Journal of Applied Mathematics and Decision Sciences
Volume 2006 (2006), Article ID 95912, 9 pages
doi:10.1155/JAMDS/2006/95912

An analytical characterization for an optimal change of Gaussian measures

Henry Schellhorn

School of Mathematical Sciences, Claremont Graduate University, Claremont 91711, CA, USA

Received 25 February 2006; Revised 9 June 2006; Accepted 9 June 2006

Copyright © 2006 Henry Schellhorn. This is an open access article distributed under the Creative Commons Attribution License, which permits unrestricted use, distribution, and reproduction in any medium, provided the original work is properly cited.

Abstract

We consider two Gaussian measures. In the “initial” measure the state variable is Gaussian, with zero drift and time-varying volatility. In the “target measure” the state variable follows an Ornstein-Uhlenbeck process, with a free set of parameters, namely, the time-varying speed of mean reversion.

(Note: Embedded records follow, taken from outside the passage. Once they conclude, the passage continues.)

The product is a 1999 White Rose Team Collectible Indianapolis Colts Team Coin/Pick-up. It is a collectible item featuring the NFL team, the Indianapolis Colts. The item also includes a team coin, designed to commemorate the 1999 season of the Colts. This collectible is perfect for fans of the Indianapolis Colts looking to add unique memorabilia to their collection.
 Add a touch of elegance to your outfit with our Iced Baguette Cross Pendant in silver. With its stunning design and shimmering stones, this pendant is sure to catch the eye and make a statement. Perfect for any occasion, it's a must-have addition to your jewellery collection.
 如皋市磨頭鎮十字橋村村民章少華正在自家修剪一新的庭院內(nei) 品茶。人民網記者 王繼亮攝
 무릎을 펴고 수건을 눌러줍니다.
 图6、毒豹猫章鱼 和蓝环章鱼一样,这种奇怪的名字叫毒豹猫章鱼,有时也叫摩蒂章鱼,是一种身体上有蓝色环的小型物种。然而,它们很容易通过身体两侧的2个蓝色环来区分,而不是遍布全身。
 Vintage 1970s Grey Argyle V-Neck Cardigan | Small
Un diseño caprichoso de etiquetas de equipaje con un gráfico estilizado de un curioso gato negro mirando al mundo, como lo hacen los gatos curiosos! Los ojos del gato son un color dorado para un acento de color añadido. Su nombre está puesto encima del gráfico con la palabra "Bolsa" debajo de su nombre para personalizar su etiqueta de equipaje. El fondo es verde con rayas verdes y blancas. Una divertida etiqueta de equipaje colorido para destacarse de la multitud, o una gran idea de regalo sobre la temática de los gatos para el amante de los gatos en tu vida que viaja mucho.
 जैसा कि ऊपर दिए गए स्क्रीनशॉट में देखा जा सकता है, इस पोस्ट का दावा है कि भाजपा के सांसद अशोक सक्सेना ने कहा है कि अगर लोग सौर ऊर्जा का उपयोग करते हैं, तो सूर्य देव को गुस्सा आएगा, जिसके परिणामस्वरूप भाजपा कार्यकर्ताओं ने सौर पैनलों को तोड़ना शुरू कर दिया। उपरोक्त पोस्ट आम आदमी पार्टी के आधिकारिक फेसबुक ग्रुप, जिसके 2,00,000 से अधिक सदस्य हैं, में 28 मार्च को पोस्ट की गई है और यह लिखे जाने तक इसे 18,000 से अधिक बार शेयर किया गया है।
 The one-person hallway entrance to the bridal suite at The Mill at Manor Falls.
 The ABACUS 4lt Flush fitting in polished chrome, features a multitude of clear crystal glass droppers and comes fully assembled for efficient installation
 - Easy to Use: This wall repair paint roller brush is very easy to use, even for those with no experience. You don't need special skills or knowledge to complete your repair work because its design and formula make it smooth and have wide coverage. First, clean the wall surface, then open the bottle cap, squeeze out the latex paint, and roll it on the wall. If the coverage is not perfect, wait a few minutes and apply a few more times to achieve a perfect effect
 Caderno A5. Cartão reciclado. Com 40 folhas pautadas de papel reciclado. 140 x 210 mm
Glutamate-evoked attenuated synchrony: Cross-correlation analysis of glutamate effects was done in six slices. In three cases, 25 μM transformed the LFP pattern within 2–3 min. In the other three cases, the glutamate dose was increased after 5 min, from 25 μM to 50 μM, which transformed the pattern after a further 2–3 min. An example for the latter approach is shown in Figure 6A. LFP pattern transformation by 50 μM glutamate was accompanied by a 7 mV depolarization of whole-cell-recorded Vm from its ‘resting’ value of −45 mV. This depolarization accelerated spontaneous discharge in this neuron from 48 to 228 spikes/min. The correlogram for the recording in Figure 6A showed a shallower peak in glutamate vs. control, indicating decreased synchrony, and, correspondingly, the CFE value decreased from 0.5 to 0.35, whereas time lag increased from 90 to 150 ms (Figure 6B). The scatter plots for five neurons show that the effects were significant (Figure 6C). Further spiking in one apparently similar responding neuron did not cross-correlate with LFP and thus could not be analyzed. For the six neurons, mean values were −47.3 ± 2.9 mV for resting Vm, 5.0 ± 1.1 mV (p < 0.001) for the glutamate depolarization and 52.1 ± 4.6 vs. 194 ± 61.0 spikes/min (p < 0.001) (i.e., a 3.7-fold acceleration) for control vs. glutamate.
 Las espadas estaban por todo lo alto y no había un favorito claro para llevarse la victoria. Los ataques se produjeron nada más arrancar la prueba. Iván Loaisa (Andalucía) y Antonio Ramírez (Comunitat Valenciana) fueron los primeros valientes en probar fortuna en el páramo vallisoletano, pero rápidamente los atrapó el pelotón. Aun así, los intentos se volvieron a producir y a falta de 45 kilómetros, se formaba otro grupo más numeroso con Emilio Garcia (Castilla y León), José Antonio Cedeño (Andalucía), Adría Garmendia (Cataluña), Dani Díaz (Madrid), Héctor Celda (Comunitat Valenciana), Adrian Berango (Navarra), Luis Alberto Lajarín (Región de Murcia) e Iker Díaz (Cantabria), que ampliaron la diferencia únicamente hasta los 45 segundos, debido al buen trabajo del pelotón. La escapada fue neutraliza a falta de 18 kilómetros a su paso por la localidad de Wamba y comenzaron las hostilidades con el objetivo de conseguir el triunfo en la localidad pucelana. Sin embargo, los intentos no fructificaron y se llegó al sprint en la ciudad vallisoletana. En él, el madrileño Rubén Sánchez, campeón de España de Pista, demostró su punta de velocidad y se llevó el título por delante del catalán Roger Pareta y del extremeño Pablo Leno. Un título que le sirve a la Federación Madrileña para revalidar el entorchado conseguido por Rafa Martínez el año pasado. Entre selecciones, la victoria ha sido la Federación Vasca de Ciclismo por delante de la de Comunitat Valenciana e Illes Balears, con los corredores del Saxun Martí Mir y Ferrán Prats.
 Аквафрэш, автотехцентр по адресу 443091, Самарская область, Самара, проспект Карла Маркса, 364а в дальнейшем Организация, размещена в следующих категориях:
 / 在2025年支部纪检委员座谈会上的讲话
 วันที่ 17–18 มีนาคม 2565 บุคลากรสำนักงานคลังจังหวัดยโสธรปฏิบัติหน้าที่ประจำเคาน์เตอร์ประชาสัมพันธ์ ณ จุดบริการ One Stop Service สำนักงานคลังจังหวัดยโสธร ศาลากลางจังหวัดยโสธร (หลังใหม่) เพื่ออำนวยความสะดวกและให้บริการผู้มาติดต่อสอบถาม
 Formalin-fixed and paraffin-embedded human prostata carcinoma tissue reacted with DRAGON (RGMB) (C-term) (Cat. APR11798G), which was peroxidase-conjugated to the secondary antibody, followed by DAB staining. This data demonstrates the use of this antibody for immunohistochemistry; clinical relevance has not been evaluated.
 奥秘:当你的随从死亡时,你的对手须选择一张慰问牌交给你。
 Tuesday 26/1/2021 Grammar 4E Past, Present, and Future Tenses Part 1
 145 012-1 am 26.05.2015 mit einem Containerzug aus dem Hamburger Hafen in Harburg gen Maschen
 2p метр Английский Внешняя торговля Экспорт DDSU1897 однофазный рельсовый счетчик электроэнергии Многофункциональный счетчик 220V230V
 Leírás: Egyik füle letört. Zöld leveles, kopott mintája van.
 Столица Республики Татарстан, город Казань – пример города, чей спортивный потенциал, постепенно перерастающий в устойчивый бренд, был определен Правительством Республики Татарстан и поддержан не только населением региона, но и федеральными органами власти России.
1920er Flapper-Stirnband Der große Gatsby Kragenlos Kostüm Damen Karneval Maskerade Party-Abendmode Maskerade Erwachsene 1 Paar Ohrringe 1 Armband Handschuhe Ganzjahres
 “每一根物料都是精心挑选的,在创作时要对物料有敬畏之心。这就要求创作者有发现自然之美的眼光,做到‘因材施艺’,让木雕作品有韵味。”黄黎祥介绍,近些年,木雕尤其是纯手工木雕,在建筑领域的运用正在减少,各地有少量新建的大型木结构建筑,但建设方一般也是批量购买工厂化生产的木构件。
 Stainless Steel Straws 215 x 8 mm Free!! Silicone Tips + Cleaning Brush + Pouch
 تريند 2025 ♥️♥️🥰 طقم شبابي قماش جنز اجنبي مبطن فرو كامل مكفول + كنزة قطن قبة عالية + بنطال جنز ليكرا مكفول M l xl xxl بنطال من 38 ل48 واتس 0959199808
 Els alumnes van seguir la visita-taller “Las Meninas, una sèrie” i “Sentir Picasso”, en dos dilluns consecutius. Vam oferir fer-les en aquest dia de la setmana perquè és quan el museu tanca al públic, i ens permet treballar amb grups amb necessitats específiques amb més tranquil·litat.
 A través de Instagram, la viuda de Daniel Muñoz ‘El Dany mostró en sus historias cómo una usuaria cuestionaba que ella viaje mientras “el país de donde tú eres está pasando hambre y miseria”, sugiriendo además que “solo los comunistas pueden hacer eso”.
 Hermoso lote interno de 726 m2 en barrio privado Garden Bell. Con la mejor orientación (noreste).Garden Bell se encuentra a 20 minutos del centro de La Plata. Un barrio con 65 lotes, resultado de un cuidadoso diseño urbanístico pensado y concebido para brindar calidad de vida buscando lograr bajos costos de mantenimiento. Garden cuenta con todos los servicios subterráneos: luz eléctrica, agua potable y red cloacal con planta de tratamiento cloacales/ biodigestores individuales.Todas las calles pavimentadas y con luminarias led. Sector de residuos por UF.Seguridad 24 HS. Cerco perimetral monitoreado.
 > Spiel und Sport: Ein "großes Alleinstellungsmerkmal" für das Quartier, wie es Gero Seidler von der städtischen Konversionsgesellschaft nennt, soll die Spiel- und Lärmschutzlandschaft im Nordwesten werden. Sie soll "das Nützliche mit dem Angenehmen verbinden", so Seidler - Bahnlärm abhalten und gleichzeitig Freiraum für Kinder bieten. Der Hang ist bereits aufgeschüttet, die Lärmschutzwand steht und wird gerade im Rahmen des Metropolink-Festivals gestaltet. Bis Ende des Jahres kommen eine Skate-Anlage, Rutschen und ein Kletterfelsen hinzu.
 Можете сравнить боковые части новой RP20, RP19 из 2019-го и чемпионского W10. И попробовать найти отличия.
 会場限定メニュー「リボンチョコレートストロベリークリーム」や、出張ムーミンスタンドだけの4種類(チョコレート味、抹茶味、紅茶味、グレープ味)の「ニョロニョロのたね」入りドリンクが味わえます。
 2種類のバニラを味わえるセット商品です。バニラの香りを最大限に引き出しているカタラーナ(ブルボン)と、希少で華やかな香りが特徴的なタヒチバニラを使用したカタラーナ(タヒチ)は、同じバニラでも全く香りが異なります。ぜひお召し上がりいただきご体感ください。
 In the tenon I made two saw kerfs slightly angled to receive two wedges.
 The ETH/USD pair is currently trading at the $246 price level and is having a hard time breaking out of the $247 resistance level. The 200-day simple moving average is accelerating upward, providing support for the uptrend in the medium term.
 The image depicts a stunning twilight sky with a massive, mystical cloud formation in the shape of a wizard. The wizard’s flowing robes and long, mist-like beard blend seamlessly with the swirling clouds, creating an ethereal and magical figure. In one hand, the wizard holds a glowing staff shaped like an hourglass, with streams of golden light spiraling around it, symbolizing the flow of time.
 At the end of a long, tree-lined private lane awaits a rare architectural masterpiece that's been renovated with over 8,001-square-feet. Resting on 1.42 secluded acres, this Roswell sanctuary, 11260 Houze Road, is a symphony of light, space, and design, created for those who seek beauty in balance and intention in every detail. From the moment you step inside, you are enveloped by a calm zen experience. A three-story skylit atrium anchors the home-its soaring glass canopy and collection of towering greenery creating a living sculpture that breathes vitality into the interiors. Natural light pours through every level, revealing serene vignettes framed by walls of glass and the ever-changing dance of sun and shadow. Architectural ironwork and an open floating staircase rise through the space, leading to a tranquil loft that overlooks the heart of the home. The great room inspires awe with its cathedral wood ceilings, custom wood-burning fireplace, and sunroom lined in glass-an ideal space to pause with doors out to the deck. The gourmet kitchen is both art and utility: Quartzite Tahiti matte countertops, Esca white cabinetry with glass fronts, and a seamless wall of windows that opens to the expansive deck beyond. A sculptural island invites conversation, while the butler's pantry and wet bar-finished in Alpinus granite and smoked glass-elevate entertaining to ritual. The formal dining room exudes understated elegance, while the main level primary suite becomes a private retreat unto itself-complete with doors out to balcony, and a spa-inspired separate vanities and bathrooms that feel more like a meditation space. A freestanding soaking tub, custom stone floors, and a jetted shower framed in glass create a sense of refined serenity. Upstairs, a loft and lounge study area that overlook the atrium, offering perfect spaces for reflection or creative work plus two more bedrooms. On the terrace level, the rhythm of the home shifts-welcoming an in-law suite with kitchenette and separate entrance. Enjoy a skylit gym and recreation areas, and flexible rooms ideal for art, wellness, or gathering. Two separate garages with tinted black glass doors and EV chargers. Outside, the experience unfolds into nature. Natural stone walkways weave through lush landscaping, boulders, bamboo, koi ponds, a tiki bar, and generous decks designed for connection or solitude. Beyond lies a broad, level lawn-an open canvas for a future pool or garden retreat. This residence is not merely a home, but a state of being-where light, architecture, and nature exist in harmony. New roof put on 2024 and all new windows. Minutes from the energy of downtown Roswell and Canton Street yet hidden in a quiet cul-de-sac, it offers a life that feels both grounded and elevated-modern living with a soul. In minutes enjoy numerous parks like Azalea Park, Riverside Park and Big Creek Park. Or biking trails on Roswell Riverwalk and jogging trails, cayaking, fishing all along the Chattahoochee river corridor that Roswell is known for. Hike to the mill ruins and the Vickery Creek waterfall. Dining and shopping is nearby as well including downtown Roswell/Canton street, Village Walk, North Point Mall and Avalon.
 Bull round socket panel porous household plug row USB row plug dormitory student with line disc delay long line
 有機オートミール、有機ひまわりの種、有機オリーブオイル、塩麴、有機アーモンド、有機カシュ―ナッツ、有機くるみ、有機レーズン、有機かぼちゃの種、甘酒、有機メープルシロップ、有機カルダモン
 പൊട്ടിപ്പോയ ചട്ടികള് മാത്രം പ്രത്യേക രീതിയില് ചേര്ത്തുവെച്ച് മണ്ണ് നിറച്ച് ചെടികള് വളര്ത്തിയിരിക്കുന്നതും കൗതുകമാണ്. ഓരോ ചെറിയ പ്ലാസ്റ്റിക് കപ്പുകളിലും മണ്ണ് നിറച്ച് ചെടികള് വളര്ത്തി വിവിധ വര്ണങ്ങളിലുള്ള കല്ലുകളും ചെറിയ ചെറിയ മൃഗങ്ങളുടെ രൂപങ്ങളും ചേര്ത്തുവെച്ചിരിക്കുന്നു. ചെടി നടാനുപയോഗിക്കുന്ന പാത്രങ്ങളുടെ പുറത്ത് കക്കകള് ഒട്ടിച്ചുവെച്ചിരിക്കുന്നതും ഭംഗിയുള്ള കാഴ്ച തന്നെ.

We look for the speed of mean reversion that minimizes the variance of the Radon-Nikodym derivative of the target measure with respect to the initial measure under a constraint on the time integral of the variance of the state variable in the target measure. We show that the optimal speed of mean reversion follows a Riccati equation. This equation can be solved analytically when the volatility curve takes specific shapes. We discuss an application of this result to simulation, which we presented in an earlier article.